*Work order*
A verbatim copy of the full data, with no pictures, is the expected answer.

*Records shown*
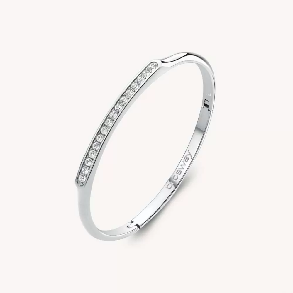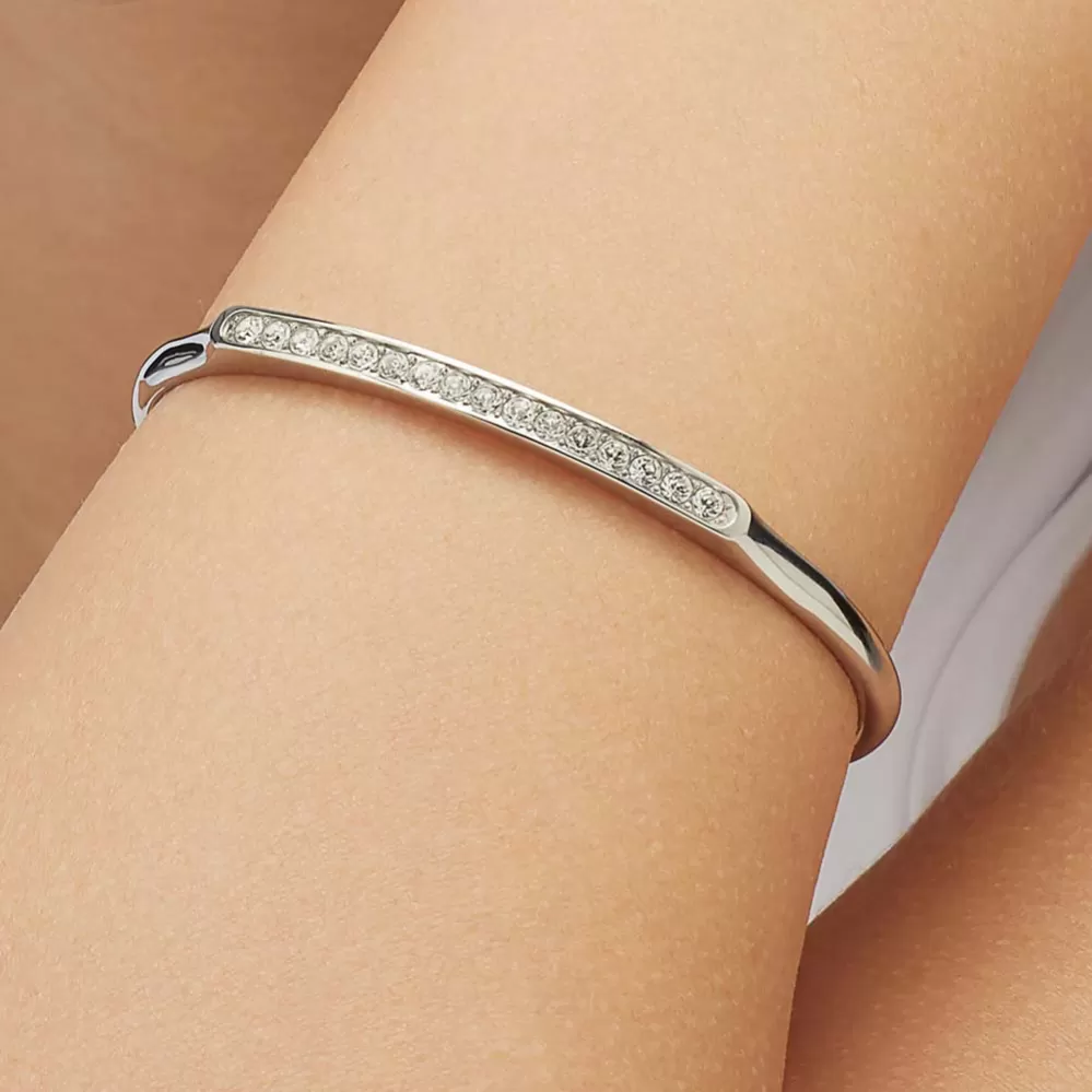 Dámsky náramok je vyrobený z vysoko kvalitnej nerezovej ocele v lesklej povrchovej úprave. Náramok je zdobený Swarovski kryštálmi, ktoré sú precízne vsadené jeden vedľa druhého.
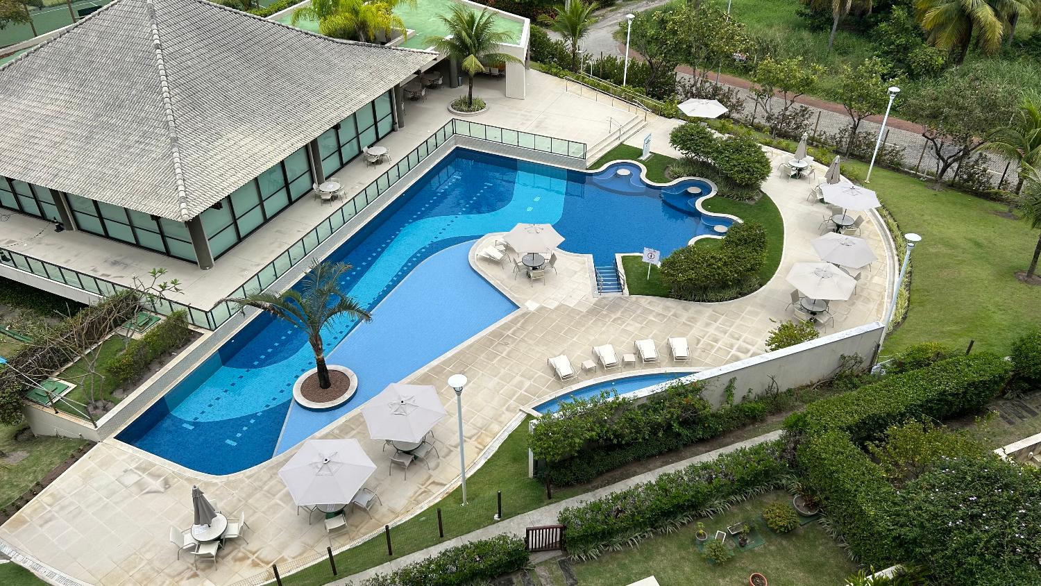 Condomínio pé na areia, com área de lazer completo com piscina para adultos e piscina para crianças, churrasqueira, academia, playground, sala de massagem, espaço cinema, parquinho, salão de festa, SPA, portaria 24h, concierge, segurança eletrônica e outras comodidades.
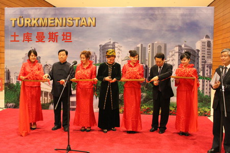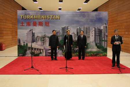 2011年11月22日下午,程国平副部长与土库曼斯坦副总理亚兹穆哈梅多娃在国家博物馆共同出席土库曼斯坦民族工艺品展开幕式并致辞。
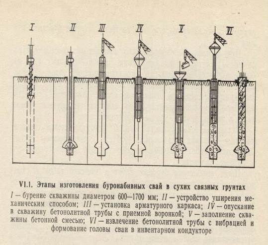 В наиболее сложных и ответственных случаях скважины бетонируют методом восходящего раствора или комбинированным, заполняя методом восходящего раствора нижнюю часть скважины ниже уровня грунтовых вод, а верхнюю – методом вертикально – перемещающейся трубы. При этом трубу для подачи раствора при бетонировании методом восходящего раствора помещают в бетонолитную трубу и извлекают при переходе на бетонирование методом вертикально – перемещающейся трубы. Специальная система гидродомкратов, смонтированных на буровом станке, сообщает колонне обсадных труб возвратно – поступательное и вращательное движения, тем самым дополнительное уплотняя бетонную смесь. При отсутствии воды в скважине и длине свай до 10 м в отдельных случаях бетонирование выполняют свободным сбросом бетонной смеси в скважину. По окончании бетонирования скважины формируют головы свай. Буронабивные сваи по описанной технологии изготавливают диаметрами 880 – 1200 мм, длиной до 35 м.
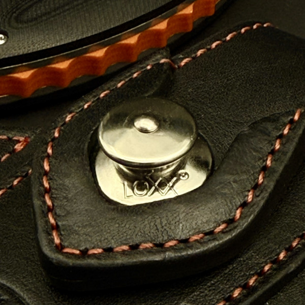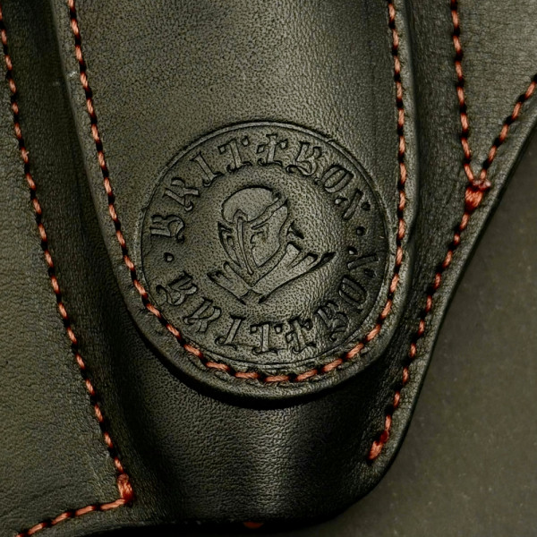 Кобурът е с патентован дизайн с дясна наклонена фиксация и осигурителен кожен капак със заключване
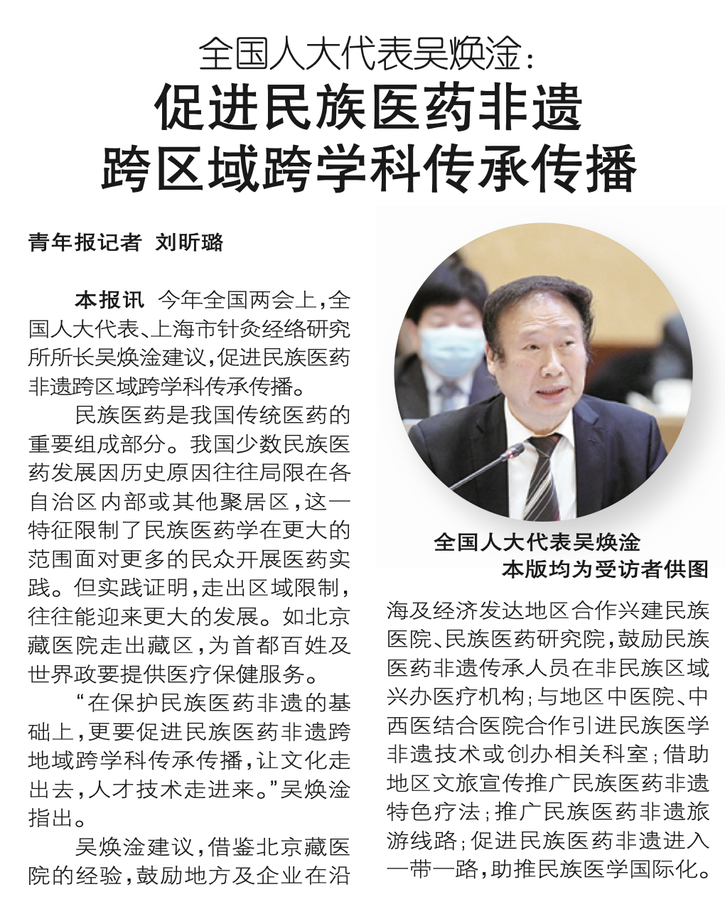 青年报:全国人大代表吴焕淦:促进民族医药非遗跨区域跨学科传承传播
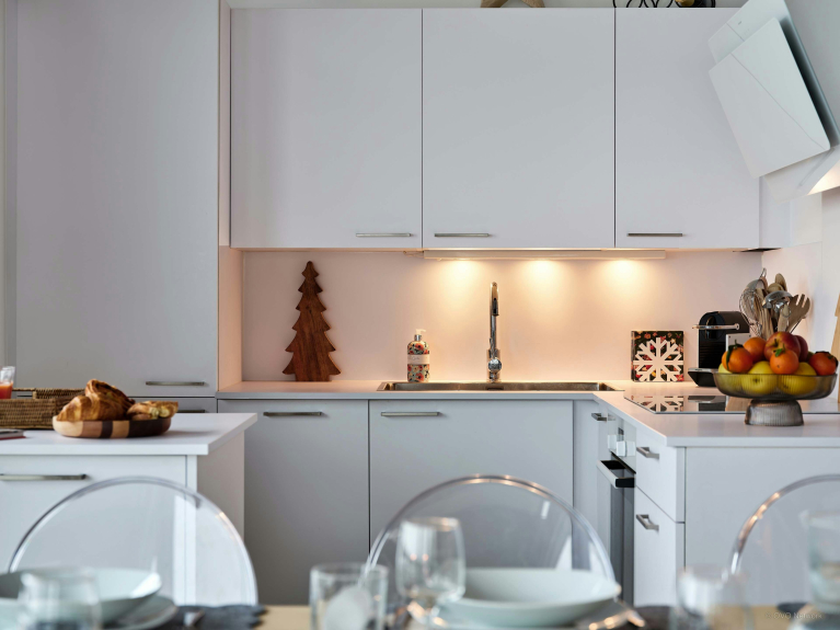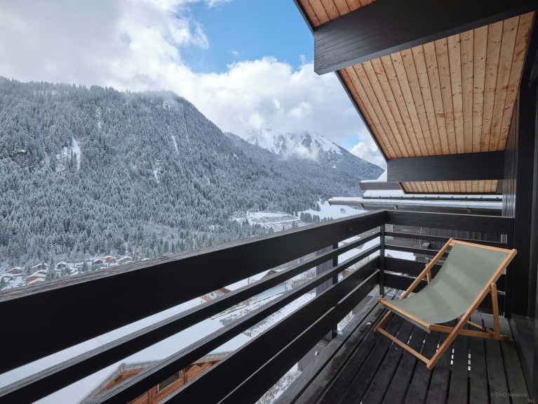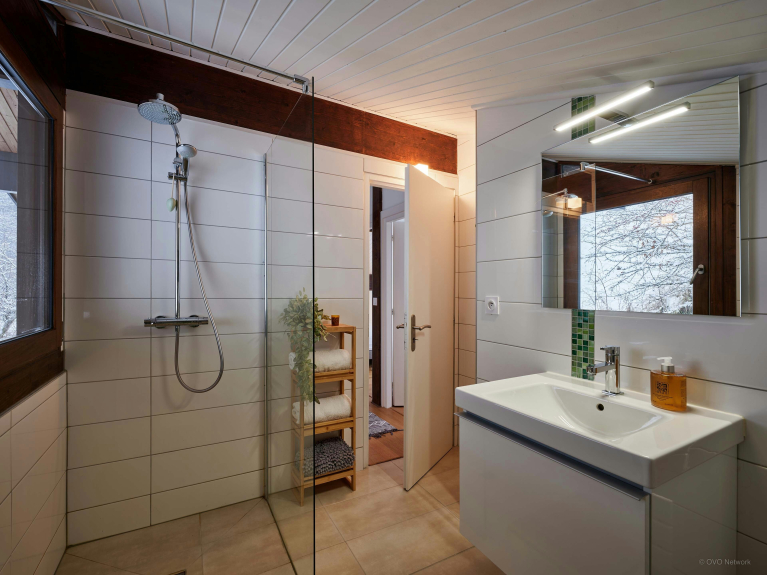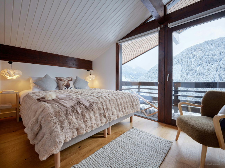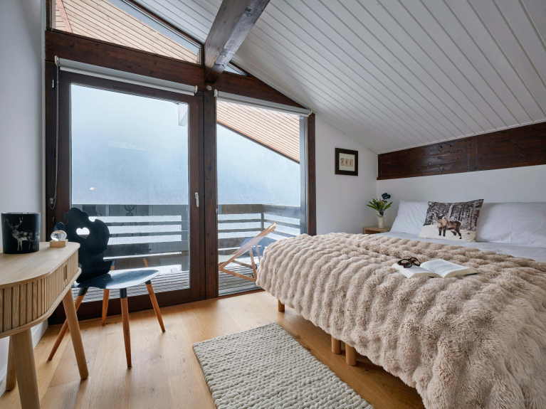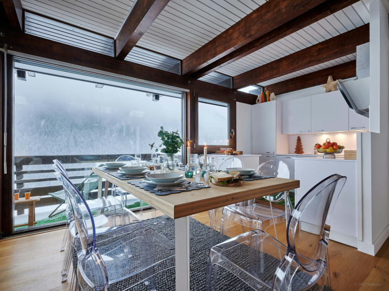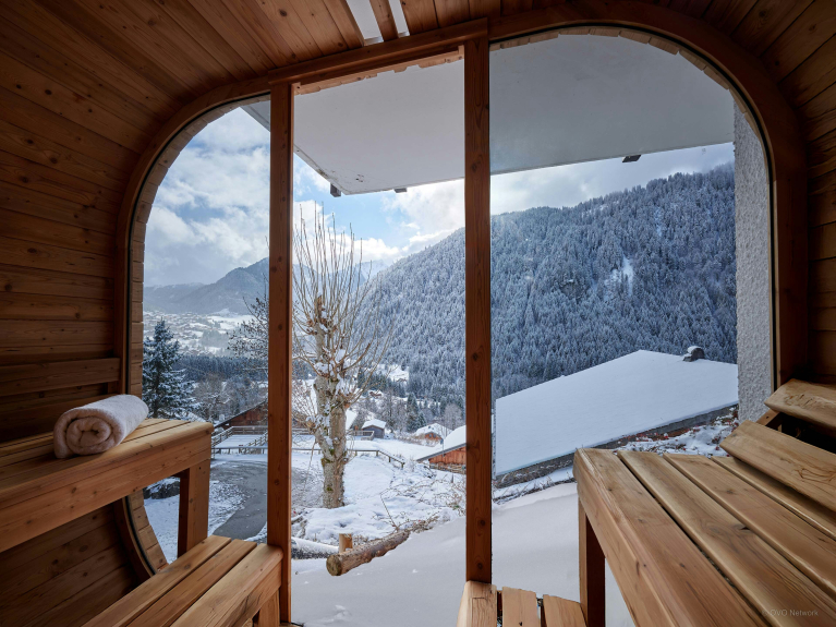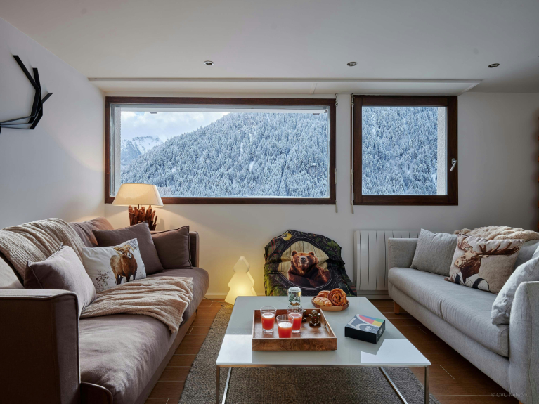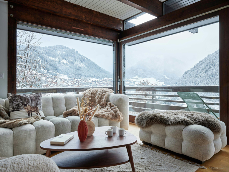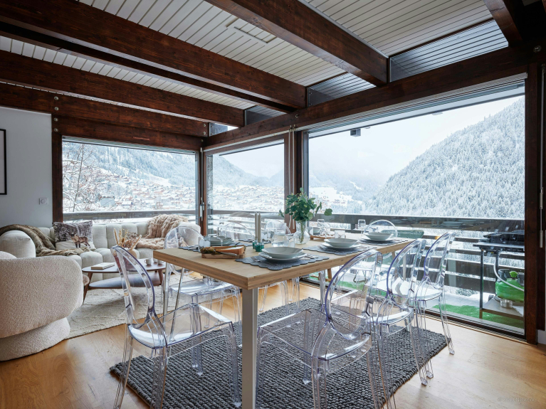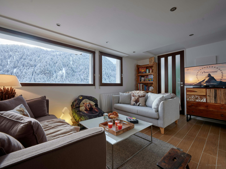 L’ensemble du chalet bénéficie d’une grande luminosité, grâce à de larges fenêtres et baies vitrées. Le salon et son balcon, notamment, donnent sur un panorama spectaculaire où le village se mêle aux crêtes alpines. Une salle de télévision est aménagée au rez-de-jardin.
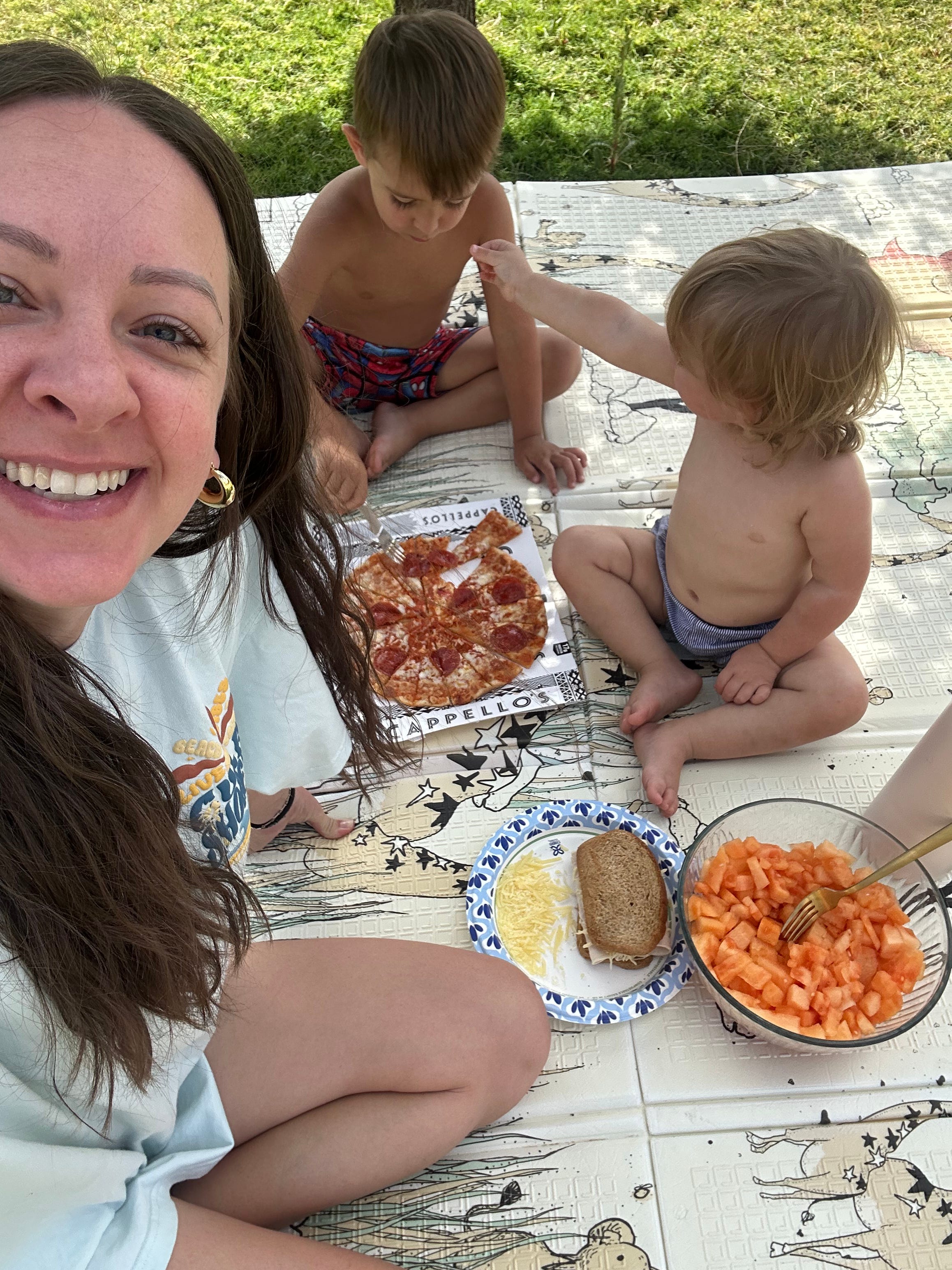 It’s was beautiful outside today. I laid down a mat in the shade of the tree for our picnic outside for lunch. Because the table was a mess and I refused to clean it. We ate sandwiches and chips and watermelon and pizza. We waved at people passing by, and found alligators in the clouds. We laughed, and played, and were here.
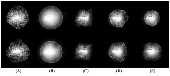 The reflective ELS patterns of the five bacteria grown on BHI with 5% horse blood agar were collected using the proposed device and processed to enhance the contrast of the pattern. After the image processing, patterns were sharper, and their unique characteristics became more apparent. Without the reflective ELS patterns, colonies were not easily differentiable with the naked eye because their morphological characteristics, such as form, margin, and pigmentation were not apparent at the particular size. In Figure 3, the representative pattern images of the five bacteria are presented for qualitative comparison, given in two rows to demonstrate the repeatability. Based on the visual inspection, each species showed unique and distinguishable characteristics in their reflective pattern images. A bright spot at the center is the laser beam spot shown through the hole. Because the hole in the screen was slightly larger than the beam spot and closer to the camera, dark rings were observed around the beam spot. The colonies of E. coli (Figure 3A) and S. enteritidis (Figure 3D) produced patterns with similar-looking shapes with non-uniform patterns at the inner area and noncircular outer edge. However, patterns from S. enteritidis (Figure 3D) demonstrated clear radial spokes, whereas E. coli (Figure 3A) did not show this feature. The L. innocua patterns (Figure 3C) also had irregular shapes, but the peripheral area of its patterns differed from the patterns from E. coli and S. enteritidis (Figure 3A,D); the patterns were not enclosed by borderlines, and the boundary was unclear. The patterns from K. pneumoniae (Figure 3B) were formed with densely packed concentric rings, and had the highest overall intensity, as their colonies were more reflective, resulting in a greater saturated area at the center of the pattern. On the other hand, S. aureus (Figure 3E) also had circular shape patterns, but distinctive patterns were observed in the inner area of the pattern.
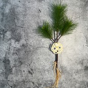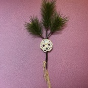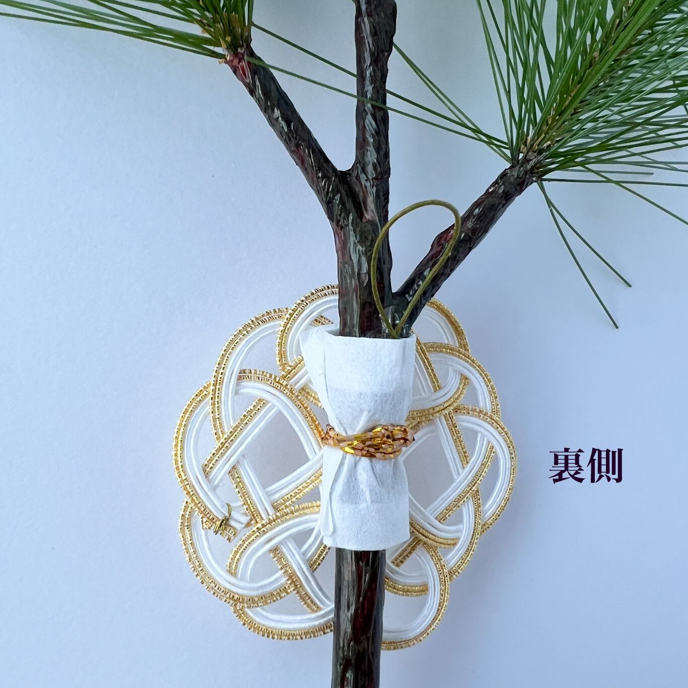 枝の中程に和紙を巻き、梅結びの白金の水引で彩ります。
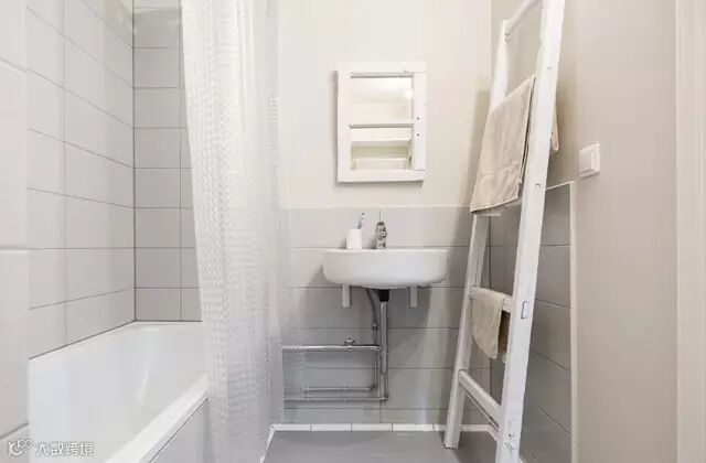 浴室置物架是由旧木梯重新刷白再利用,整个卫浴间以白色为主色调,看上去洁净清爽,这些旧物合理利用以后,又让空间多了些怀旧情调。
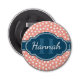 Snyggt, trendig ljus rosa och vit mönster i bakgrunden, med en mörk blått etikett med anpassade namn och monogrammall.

*Solution to this problem*
 Dámsky náramok je vyrobený z vysoko kvalitnej nerezovej ocele v lesklej povrchovej úprave. Náramok je zdobený Swarovski kryštálmi, ktoré sú precízne vsadené jeden vedľa druhého.
 Condomínio pé na areia, com área de lazer completo com piscina para adultos e piscina para crianças, churrasqueira, academia, playground, sala de massagem, espaço cinema, parquinho, salão de festa, SPA, portaria 24h, concierge, segurança eletrônica e outras comodidades.
 2011年11月22日下午,程国平副部长与土库曼斯坦副总理亚兹穆哈梅多娃在国家博物馆共同出席土库曼斯坦民族工艺品展开幕式并致辞。
 В наиболее сложных и ответственных случаях скважины бетонируют методом восходящего раствора или комбинированным, заполняя методом восходящего раствора нижнюю часть скважины ниже уровня грунтовых вод, а верхнюю – методом вертикально – перемещающейся трубы. При этом трубу для подачи раствора при бетонировании методом восходящего раствора помещают в бетонолитную трубу и извлекают при переходе на бетонирование методом вертикально – перемещающейся трубы. Специальная система гидродомкратов, смонтированных на буровом станке, сообщает колонне обсадных труб возвратно – поступательное и вращательное движения, тем самым дополнительное уплотняя бетонную смесь. При отсутствии воды в скважине и длине свай до 10 м в отдельных случаях бетонирование выполняют свободным сбросом бетонной смеси в скважину. По окончании бетонирования скважины формируют головы свай. Буронабивные сваи по описанной технологии изготавливают диаметрами 880 – 1200 мм, длиной до 35 м.
 Кобурът е с патентован дизайн с дясна наклонена фиксация и осигурителен кожен капак със заключване
 青年报:全国人大代表吴焕淦:促进民族医药非遗跨区域跨学科传承传播
 L’ensemble du chalet bénéficie d’une grande luminosité, grâce à de larges fenêtres et baies vitrées. Le salon et son balcon, notamment, donnent sur un panorama spectaculaire où le village se mêle aux crêtes alpines. Une salle de télévision est aménagée au rez-de-jardin.
 It’s was beautiful outside today. I laid down a mat in the shade of the tree for our picnic outside for lunch. Because the table was a mess and I refused to clean it. We ate sandwiches and chips and watermelon and pizza. We waved at people passing by, and found alligators in the clouds. We laughed, and played, and were here.
 The reflective ELS patterns of the five bacteria grown on BHI with 5% horse blood agar were collected using the proposed device and processed to enhance the contrast of the pattern. After the image processing, patterns were sharper, and their unique characteristics became more apparent. Without the reflective ELS patterns, colonies were not easily differentiable with the naked eye because their morphological characteristics, such as form, margin, and pigmentation were not apparent at the particular size. In Figure 3, the representative pattern images of the five bacteria are presented for qualitative comparison, given in two rows to demonstrate the repeatability. Based on the visual inspection, each species showed unique and distinguishable characteristics in their reflective pattern images. A bright spot at the center is the laser beam spot shown through the hole. Because the hole in the screen was slightly larger than the beam spot and closer to the camera, dark rings were observed around the beam spot. The colonies of E. coli (Figure 3A) and S. enteritidis (Figure 3D) produced patterns with similar-looking shapes with non-uniform patterns at the inner area and noncircular outer edge. However, patterns from S. enteritidis (Figure 3D) demonstrated clear radial spokes, whereas E. coli (Figure 3A) did not show this feature. The L. innocua patterns (Figure 3C) also had irregular shapes, but the peripheral area of its patterns differed from the patterns from E. coli and S. enteritidis (Figure 3A,D); the patterns were not enclosed by borderlines, and the boundary was unclear. The patterns from K. pneumoniae (Figure 3B) were formed with densely packed concentric rings, and had the highest overall intensity, as their colonies were more reflective, resulting in a greater saturated area at the center of the pattern. On the other hand, S. aureus (Figure 3E) also had circular shape patterns, but distinctive patterns were observed in the inner area of the pattern.
 枝の中程に和紙を巻き、梅結びの白金の水引で彩ります。
 浴室置物架是由旧木梯重新刷白再利用,整个卫浴间以白色为主色调,看上去洁净清爽,这些旧物合理利用以后,又让空间多了些怀旧情调。
 Snyggt, trendig ljus rosa och vit mönster i bakgrunden, med en mörk blått etikett med anpassade namn och monogrammall.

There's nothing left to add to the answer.